Hello everyone, so I will start this off by saying my relationship with my dad isn’t very good. I’ve had problems with him my whole life and recently (a couple months ago) we were trying to patch things up. During this discussion I told him I was upset that I felt like he hadn’t supported any of my relationships and that he had forced me to break up with my previous two boyfriends by threatening to stop paying for college or kicking me out (these previous boyfriends were not criminals or assholes or anything, they were genuinely good people and made me happy but he did not think they were good enough for me).
I’ve been seeing someone that we will call Joe for about a year now, we do not have a title because we are both comfortable with how things are at this point in time.

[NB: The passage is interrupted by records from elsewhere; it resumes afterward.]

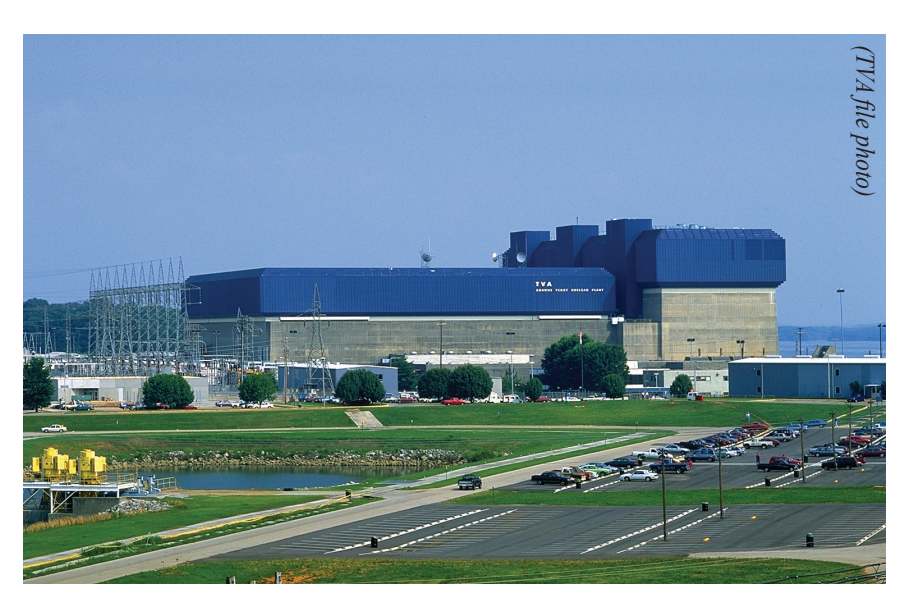
The three-Unit Browns Nuclear Power Plant, Limestone County, AL, owned and operated by the Tennessee Valley Authority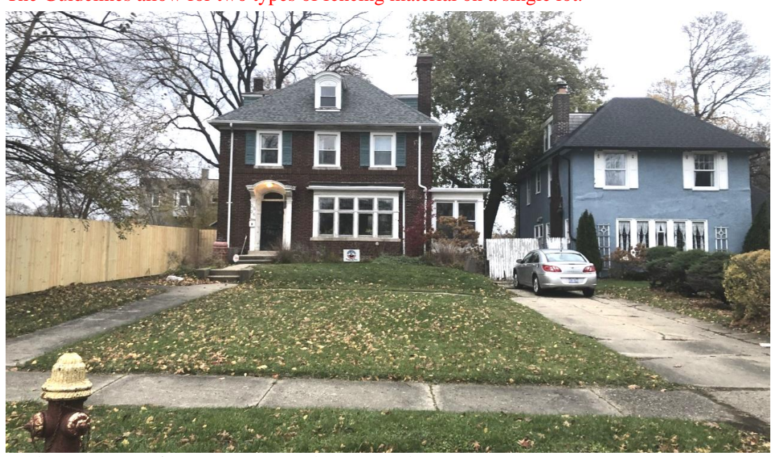
Looking east at 3536 Burns. November 19, 2021

• The style and material are consistent with the Fence and Hedge Guidelines and appropriate to the district. The Guidelines allow for two types of fencing material on a single lot.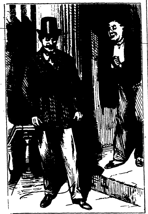
"TO BOME!" HE MUTTERED, BETWEEN HIS SET TRETH."

teeth; and mounting his horse hurriedly, he rode away.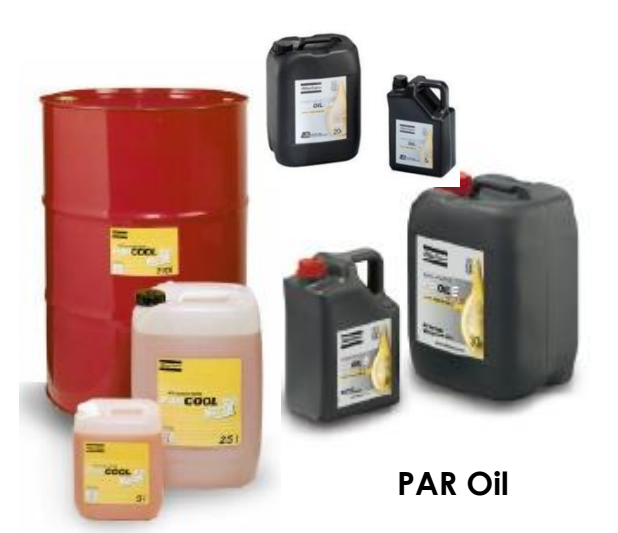
PAR Cool Packed in: 5L, 10L, 21L, 22L, 210L

By having all of this, JG-RIDS is able to help you build your Capital Equipment arsenal and prolong the useful life of your machines while we assist you in making your business grow into the next level.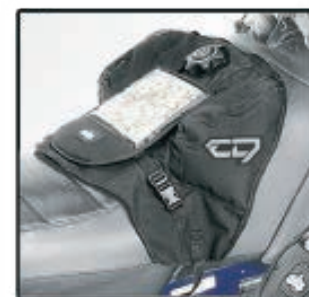
DELUXE 3x1 GAS TANK BRA/ DETACHABLE BAG & MAP POUCH # 203508 00 CA$110.95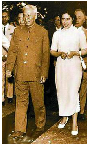
Fig. 1: Liu Shaoqi and His Wife Wang Guangmei in 1966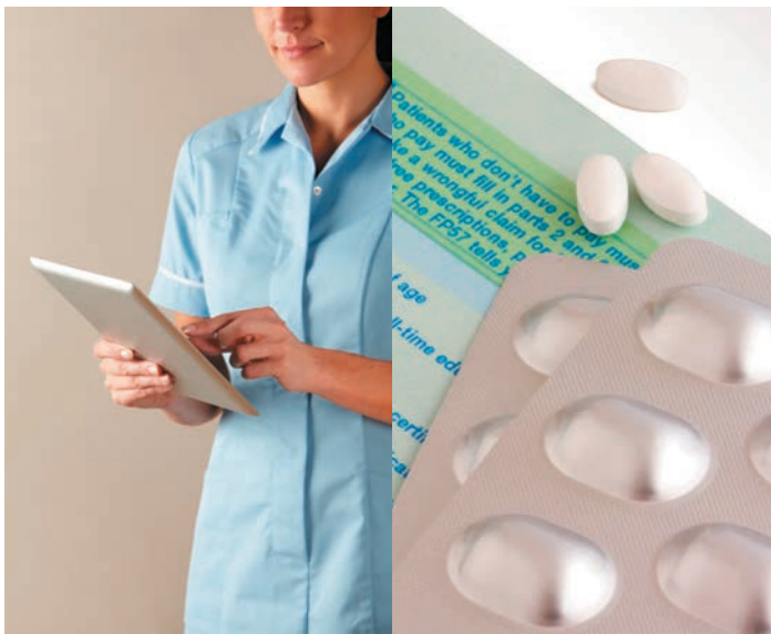
Improving the productivity of the NHS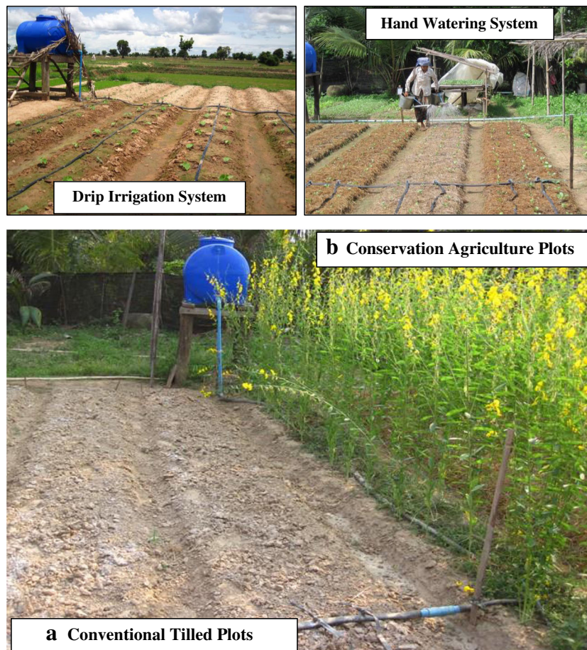
Fig. 1 Conventional tilled plots (a) and conservation agriculture (b) with sunn hemp ( Crotalaria juncea L.) cover crop under drip irrigation system and/or hand watering system in Siem Reap, Cambodia

Yield improvements have been reported on several crops grown under conservation agriculture in several parts of the world. For instance, Thierfelder et al. (2015) found greater corn ( Zea mays L.) yields under conservation agriculture over conventional tillage in southern Africa. Yields of maize or other crops have been reported between conservation agriculture and tillage systems not only in African countries but also in North America, Latin America, and Asia (Kassam et al. 2009; Farooq et al., 2011). Among other things, the main factors attributed to better yields are improved soil physical conditions (i.e., enhanced infiltration and retention of soil moisture) and better fertility status of the soils in the long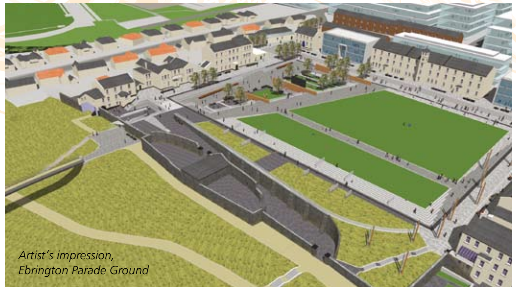
Artist's impression, Ebrington Parade Ground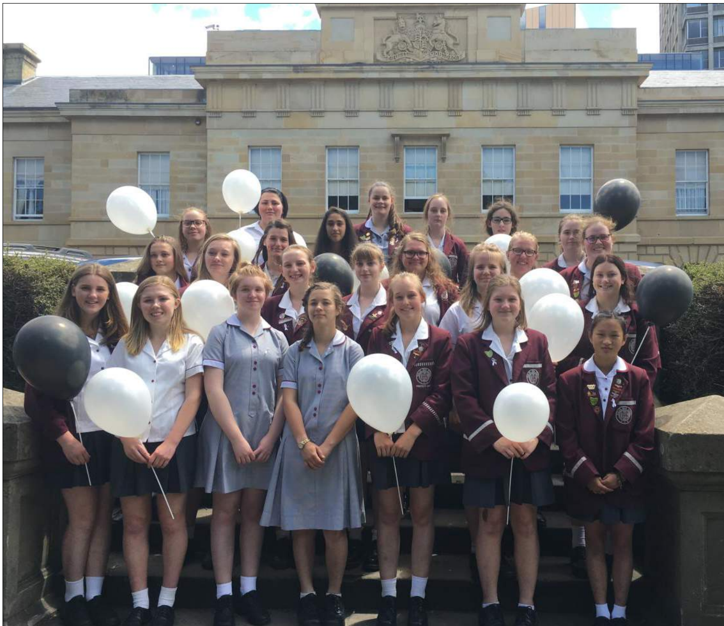
Ogilvy High School Z Club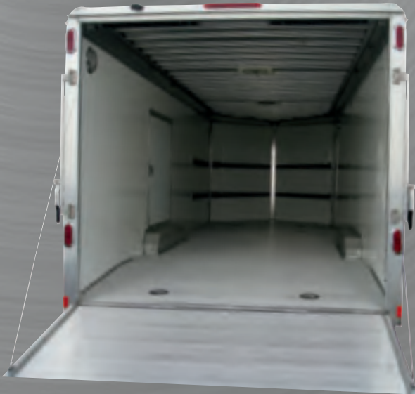
AER Inside Trailer

shown with optional E-Trac, white lining upgrade on walls, and 48" escape door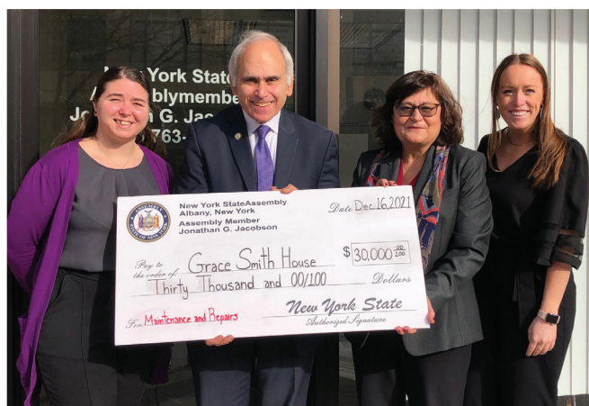
Presenting a grant to Grace Smith House in Poughkeepsie. Grace Smith House protects women and their children from domestic violence and abuse.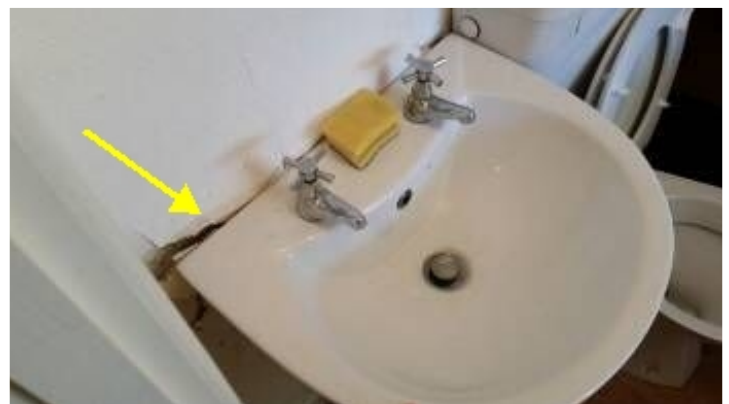
Secure loose w/h basin in in downstairs bathroom.

My dad has met him once briefly while Joe was helping me pick up some stuff from my house. I told my dad numerous times that I am very happy with Joe and the relationship that we have. My dad has seen countless examples of Joe being a great and generous man. Joe also has a great job and is on the path to a great career. Joe is the ideal guy (not saying he’s perfect but I’m generalizing).

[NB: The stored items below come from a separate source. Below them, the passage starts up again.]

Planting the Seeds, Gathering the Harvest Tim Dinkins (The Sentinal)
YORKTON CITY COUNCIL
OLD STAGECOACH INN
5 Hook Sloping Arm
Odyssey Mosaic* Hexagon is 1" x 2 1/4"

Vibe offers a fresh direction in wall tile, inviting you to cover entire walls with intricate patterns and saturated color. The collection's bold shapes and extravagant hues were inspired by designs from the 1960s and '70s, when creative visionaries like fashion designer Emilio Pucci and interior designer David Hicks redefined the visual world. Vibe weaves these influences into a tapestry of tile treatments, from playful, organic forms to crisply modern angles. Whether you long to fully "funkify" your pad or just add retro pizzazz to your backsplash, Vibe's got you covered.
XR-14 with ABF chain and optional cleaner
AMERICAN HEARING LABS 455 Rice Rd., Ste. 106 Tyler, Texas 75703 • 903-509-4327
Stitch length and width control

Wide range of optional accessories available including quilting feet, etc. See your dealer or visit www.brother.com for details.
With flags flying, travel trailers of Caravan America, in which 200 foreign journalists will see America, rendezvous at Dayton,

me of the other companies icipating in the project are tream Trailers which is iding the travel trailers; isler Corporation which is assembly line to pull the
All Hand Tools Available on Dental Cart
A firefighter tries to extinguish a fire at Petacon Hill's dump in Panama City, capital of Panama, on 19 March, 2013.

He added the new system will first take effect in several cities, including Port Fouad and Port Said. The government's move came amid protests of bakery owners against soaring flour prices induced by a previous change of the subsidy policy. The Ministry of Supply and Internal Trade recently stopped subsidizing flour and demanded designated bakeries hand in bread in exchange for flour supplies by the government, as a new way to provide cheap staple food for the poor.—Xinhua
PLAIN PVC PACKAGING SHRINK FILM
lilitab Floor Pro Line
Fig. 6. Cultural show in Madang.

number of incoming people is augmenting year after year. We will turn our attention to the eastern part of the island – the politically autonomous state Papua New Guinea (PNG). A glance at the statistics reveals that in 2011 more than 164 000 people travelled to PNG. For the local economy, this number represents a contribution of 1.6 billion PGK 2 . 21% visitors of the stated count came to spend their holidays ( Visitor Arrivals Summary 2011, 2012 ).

So anyways flash forward to this week. Joe required something professionally and my dad’s wife (not my mom) can do this for Joe. I reached out to her to see if she could do this thing and she was all for it. Today she was talking to my dad about it. My dad called me and flipped out upon finding out I talked to her about helping Joe. He was mad that I didn’t ask him if it was okay for her to help him first. Then he was mad because apparently Joe didn’t respond to her latest email and he’s a douchebag.Then he was mad because I’m trying to help Joe even though we’re not dating. Then he got mad because Joes not good enough for me because he doesn’t want to date me and he’s a douchebag (because he didn’t respond to the email in the same day) and I have to end things with Joe. I didn’t know how to respond and told him I didn’t think it was a problem to ask for her help, why would I have to go through him? I told him I didn’t know why Joe didn’t respond but Joe was probably busy because he works and is dealing with family problems and has a lot on his plate. I also repeated to him for the millionth time that Joe is a great guy and the relationship I have with him works for us and is mutual. I then ended the call because I had some studying to do and didn’t want to deal with confronting him about how ridiculous he was being (in my opinion).
So after the conversation with my dad I’m very angry and I go over to Joes place and I get mad about him not emailing my dad’s wife back. Well...he did email her telling her he would look everything over tonight. Then Joe showed me that he’s already written up a draft response to everything she sent him and he was waiting to send it until he heard from other parties involved with the business. Joe then got mad because I got mad at him based off of something my dad said, when we both have known my dad to be untruthful and unreasonable. He no longer wants to do business with my dad’s wife and he’s very mad at my dad for getting angry with me and involving me in something that was a professional matter.
I’m angry with my dad as well but I don’t know how to confront him about how he’s acting and what to say. I’m also unsure if I did something wrong. Maybe Joe and I are the bad people in this situation and my dad is being reasonable? I just don’t want problems with my dad to interfere in another one of my relationships, but I also am desperately trying to fix my relationship with my dad.
Any advice or thoughts are appreciated.
TLDR; My dad has a history of interfering in my relationships, and is now causing a problem in my most recent one. I want to have a good relationship with my father but not if it means he is going to continue to be unsupportive of those I choose to be with.